Jesneck Jonathan L, Nolte Loren W, Baker Jay A, Floyd Carey E, Lo Joseph Y
Department of Biomedical Engineering, Duke University, Durham, North Carolina 27705, USA.
Med Phys. 2006 Aug;33(8):2945-54. doi: 10.1118/1.2208934.
As more diagnostic testing options become available to physicians, it becomes more difficult to combine various types of medical information together in order to optimize the overall diagnosis. To improve diagnostic performance, here we introduce an approach to optimize a decision-fusion technique to combine heterogeneous information, such as from different modalities, feature categories, or institutions. For classifier comparison we used two performance metrics: The receiving operator characteristic (ROC) area under the curve [area under the ROC curve (AUC)] and the normalized partial area under the curve (pAUC). This study used four classifiers: Linear discriminant analysis (LDA), artificial neural network (ANN), and two variants of our decision-fusion technique, AUC-optimized (DF-A) and pAUC-optimized (DF-P) decision fusion. We applied each of these classifiers with 100-fold cross-validation to two heterogeneous breast cancer data sets: One of mass lesion features and a much more challenging one of microcalcification lesion features. For the calcification data set, DF-A outperformed the other classifiers in terms of AUC (p < 0.02) and achieved AUC=0.85 +/- 0.01. The DF-P surpassed the other classifiers in terms of pAUC (p < 0.01) and reached pAUC=0.38 +/- 0.02. For the mass data set, DF-A outperformed both the ANN and the LDA (p < 0.04) and achieved AUC=0.94 +/- 0.01. Although for this data set there were no statistically significant differences among the classifiers' pAUC values (pAUC=0.57 +/- 0.07 to 0.67 +/- 0.05, p > 0.10), the DF-P did significantly improve specificity versus the LDA at both 98% and 100% sensitivity (p < 0.04). In conclusion, decision fusion directly optimized clinically significant performance measures, such as AUC and pAUC, and sometimes outperformed two well-known machine-learning techniques when applied to two different breast cancer data sets.

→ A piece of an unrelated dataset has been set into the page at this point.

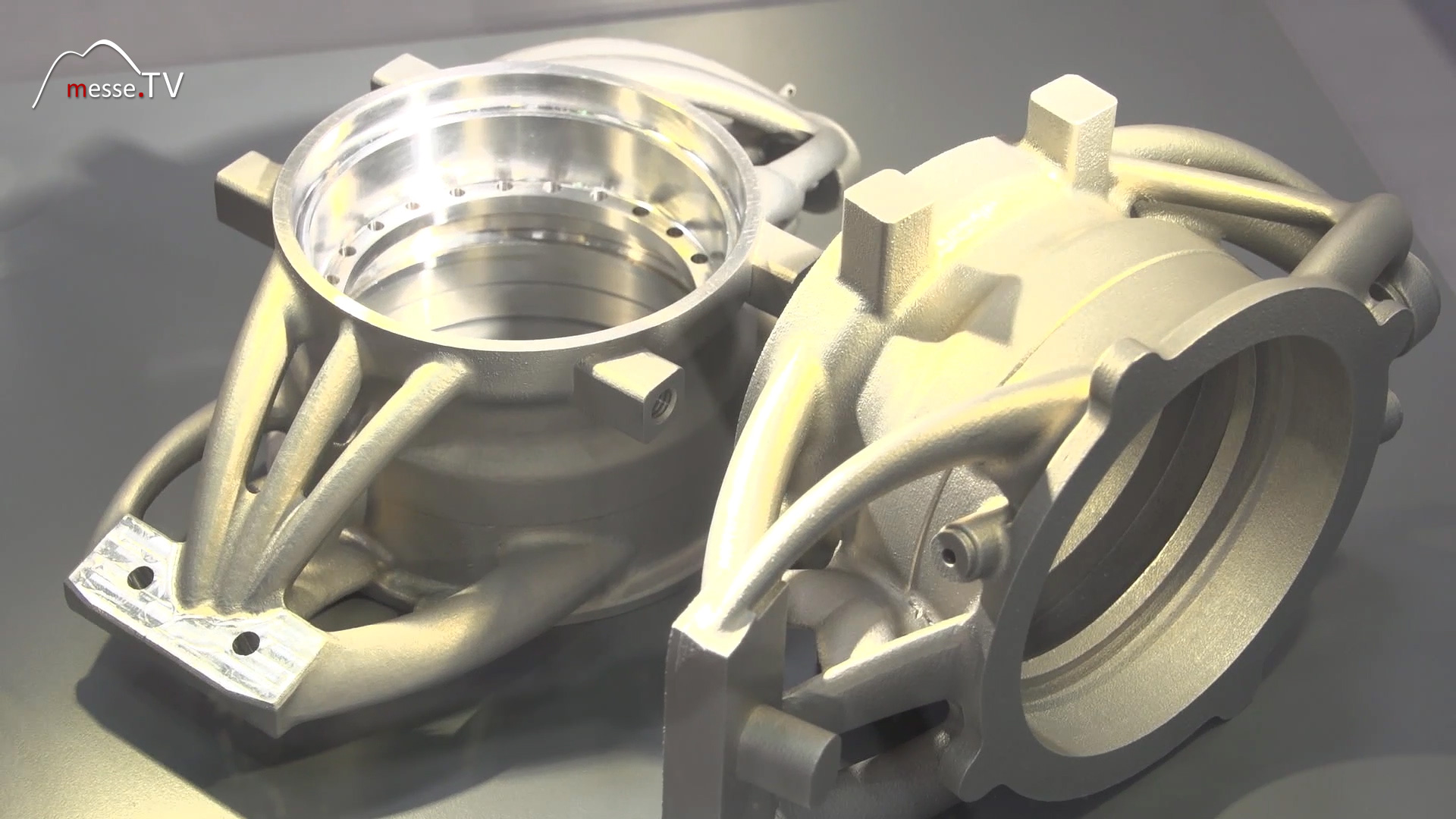 Heute ist es bereits möglich 3D-Druck mit verschiedensten Materialien zu fertigen. Das geht vom Aluminium bis schließlich zum Titan. Ein auf diesem Wege hergestelltes Objekt, hat die Stabilität, die es für deren Einsatz auch braucht. Die Objekte in der Vitrine verdeutlichen diese Kombination aus 3D-Metalldruck und Nachbearbeitung. Das im oberen Bild, stehende Modell zeigt, wies aussieht wenn es direkt aus dem Drucker kommt.

随着越来越多的诊断测试选项可供医生使用,将各种类型的医学信息结合起来以优化整体诊断变得更加困难。为了提高诊断性能,我们在此介绍一种优化决策融合技术的方法,以结合异构信息,例如来自不同模态、特征类别或机构的信息。为了进行分类器比较,我们使用了两个性能指标:曲线下的接受者操作特征(ROC)面积[ROC曲线下面积(AUC)]和曲线下归一化部分面积(pAUC)。本研究使用了四个分类器:线性判别分析(LDA)、人工神经网络(ANN)以及我们决策融合技术的两个变体,即AUC优化(DF - A)和pAUC优化(DF - P)决策融合。我们将这些分类器中的每一个通过100倍交叉验证应用于两个异构乳腺癌数据集:一个是肿块病变特征数据集,另一个是更具挑战性的微钙化病变特征数据集。对于钙化数据集,DF - A在AUC方面优于其他分类器(p < 0.02),并实现了AUC = 0.85 ± 0.01。DF - P在pAUC方面超过了其他分类器(p < 0.01),并达到了pAUC = 0.38 ± 0.02。对于肿块数据集,DF - A的表现优于ANN和LDA(p < 0.04),并实现了AUC = 0.94 ± 0.01。尽管对于该数据集,分类器的pAUC值之间没有统计学上的显著差异(pAUC = 0.57 ± 0.07至0.67 ± 0.05,p > 0.10),但DF - P在98%和100%的灵敏度下相对于LDA确实显著提高了特异性(p < 0.04)。总之,决策融合直接优化了临床显著的性能指标,如AUC和pAUC,并且在应用于两个不同的乳腺癌数据集时,有时优于两种著名的机器学习技术。